### Exercise details
Below are entries. Reproduce exactly the lines between the line holding "Σήμερα πια όλοι" and the line holding "MÜSİAD Afyonkarahisar Şubesi’nden", inclusive, and only those.

### Data in this exercise
============================================================
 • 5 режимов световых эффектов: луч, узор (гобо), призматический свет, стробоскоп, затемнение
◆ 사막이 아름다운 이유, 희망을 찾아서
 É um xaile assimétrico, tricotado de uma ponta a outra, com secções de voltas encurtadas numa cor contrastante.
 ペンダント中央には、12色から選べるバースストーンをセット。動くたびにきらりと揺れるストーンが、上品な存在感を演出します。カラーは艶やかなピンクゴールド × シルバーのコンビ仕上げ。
============================================================
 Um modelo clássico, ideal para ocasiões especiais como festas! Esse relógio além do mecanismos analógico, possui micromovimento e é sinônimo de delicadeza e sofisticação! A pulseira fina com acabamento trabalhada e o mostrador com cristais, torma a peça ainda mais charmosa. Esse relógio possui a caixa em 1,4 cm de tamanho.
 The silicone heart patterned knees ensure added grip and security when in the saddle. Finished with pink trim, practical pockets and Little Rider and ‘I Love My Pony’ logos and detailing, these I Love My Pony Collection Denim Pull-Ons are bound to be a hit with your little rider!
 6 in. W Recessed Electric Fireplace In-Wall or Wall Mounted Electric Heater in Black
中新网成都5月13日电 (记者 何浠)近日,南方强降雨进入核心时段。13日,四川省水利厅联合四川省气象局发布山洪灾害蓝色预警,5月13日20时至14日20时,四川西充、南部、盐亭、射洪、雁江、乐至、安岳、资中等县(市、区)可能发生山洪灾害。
============================================================
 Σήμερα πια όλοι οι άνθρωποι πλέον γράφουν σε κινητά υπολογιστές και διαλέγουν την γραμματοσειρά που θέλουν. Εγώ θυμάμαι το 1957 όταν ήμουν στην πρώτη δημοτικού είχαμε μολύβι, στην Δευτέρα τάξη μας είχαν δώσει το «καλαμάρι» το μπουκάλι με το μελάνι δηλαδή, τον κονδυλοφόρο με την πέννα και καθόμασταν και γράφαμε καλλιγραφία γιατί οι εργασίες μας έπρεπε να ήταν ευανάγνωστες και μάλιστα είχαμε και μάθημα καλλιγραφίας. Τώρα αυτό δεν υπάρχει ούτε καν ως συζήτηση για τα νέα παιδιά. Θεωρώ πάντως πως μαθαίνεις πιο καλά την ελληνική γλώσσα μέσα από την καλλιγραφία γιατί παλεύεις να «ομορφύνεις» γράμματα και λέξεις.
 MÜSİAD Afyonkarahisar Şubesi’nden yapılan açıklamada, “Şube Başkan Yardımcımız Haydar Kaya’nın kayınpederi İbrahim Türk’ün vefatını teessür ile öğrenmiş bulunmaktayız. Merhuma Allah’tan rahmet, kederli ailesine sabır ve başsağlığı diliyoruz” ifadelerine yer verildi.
============================================================
### Response
 Σήμερα πια όλοι οι άνθρωποι πλέον γράφουν σε κινητά υπολογιστές και διαλέγουν την γραμματοσειρά που θέλουν. Εγώ θυμάμαι το 1957 όταν ήμουν στην πρώτη δημοτικού είχαμε μολύβι, στην Δευτέρα τάξη μας είχαν δώσει το «καλαμάρι» το μπουκάλι με το μελάνι δηλαδή, τον κονδυλοφόρο με την πέννα και καθόμασταν και γράφαμε καλλιγραφία γιατί οι εργασίες μας έπρεπε να ήταν ευανάγνωστες και μάλιστα είχαμε και μάθημα καλλιγραφίας. Τώρα αυτό δεν υπάρχει ούτε καν ως συζήτηση για τα νέα παιδιά. Θεωρώ πάντως πως μαθαίνεις πιο καλά την ελληνική γλώσσα μέσα από την καλλιγραφία γιατί παλεύεις να «ομορφύνεις» γράμματα και λέξεις.
 MÜSİAD Afyonkarahisar Şubesi’nden yapılan açıklamada, “Şube Başkan Yardımcımız Haydar Kaya’nın kayınpederi İbrahim Türk’ün vefatını teessür ile öğrenmiş bulunmaktayız. Merhuma Allah’tan rahmet, kederli ailesine sabır ve başsağlığı diliyoruz” ifadelerine yer verildi.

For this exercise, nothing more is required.